Erdoğan; “Her zaman düşük faizi savundum... Bu konuda taviz vermem, vermeyeceğim. Faiz indirimleri devam edecek” diye konuştu... Oysa daha 15 gün önce ne demişti? “Merkez Bankası bağımsız değil mi? Bırakın o karar versin!” Şaka gibi...

Bazen oluyor öyle işte... “Merkez Bankası Başkanı da benim” dese... Herkes rahat etse... Yoksa garibim ekonomistler oturup bekliyorlar, analiz falan yapıyorlar Merkez Bankası ne karar verecek diye...

★★★

Uyduruk hedeflerle milleti kandırma üzerine kurulmuş bir ekonomi anlayışımız var. Nasıl olsa basın yandaş, medya candaş olunca fazla kurcalayan olmuyor.

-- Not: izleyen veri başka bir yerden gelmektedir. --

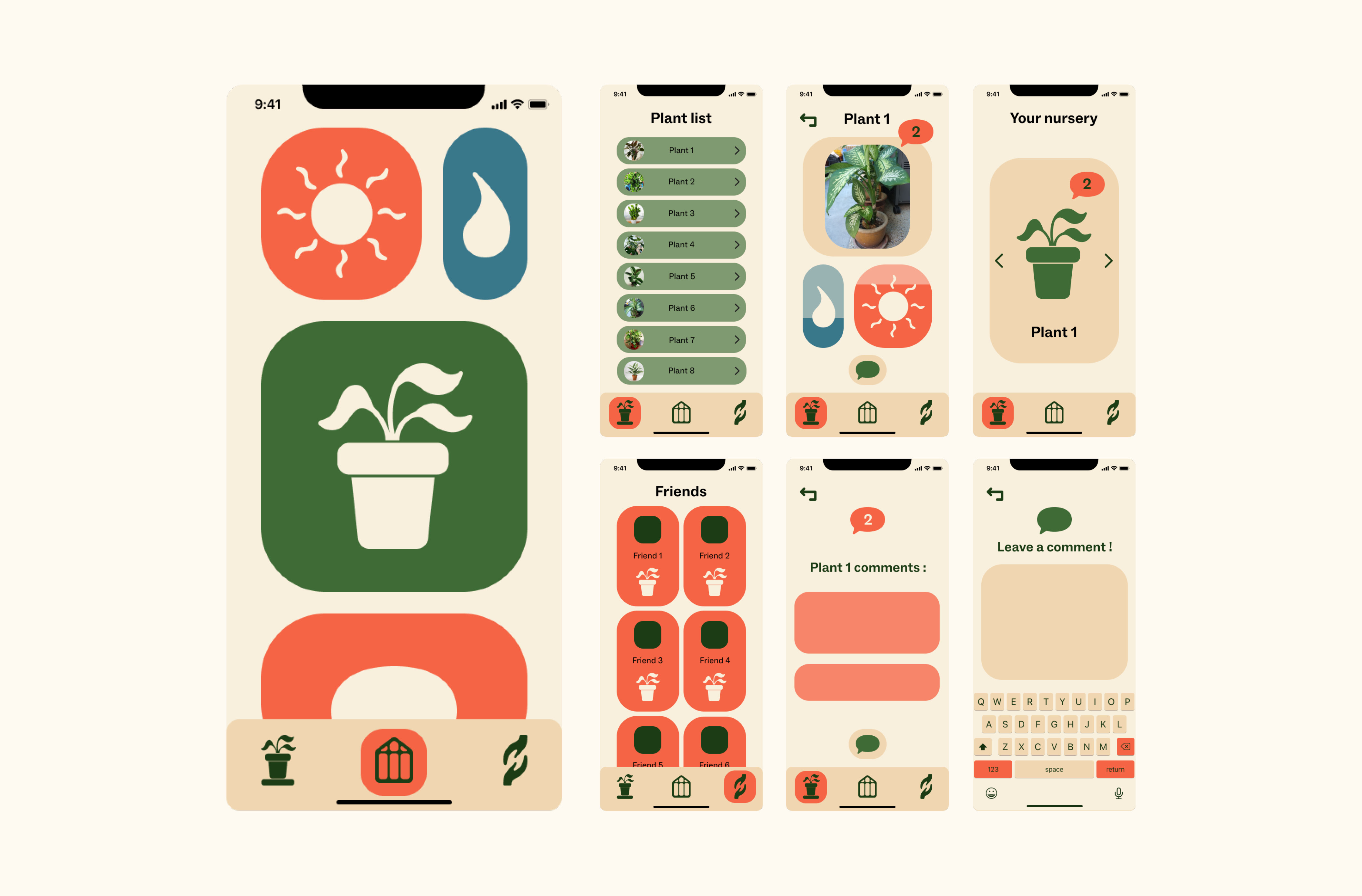 The app relies on a circle of trust: friends can warn others to water their plants if they have not done so in a while, and give each other advice. The design is warm and friendly to reflect this collaborative atmosphere.

Normal bir ülkede iş alemi açıklanan hedefleri baz alarak yatırım yapar, pozisyon ayarlar, nakit dengesini kurar, elaman sayısını hesaplar, kendi stratejisini ortaya koyar...

İyi de burası Türkiye... Laf olsun torba dolsun. Açıklanan hedeflere inanan saf varsa o da kenarda dursun!

★★★

Faiz oranını normal şartlarda piyasalar belirler... İşler iyi gidiyorsa düşürür. Kötü hissediyorsa riski fiyatlar... Lakin piyasaya müdahale edersen iş farklı boyutlara gider.

Etti! Ne oldu? Merkez Bankasının bankalar ile yaptığı alışverişte faizler yüzde 15’te... Piyasaların gösterge faizi kaçta? Yüzde 20.82 seviyesinde... Düşürdüğün faiz ne işe yaradı söylesene...

★★★

Hadi faize takılmayalım... İstediğini yapsın. Zira ekmeğin, benzinin, etin, sebzenin, kiranın, kıyafetin, defterin fiyatları katlamışken düşük faizin yararı ne? Daha az mı hasar verdi sizce?

Hem fakirleştireceksin hem güvenmesini isteyeceksin... Hadi yine iyisin! Ortamlarda faiz hedefi tek hane dersin, halkı kuyruklara mahkûm edersin. İşine gelince Kurtuluş Savaşı’nı örnek gösterirsin.

★★★

İddia ediyorum, bu kadar kötüsünü dış mihrak yapamazdı! Bugün yaşadığımız döviz artışının hiçbir yerinde yoklar dış mihraklar... Ülkeyi yönetenler isim bile veremiyorlar ama tabii ki “var” diyecekler. Aksi takdirde sorumluluğu üslenecekler.

Merkez Bankası rezervlerini eriten dış mihraklar mı? Senin ülkenin vatandaşı bile kendi para birimine güvenmeyip döviz almış... Bankalarda yatan mevduatın yüzde 61.5’i dövize zulalanmış. Neredeyse ortada Türk Lirası kullanan kalmamış. Düşündün mü hiç niye diye?

★★★

Ciddi oranda bütçe açığı ve dış finansman ihtiyacı olan bir ülkede parasal gevşemeye hevesli bir İktidar varsa para kaçınılmaz olarak değer kaybeder.

Bir taraftan faizi düşürmeye çalışıyorsun diğer taraftan kredi verilsin diye piyasaya para sürüyorsun. “Böyle yapılmaz” diyene de kızıyorsun. Nasıl olacak? Kaçınılmaz sonuca gidiyorsun!

Akıl almaz denemeler yapılacağına önce sistem değiştirilmeli... Yöneticiler, suçu el-aleme atmak yerine aynaya bakmayı denemeli... O zaman görecekler ekonominin katilini!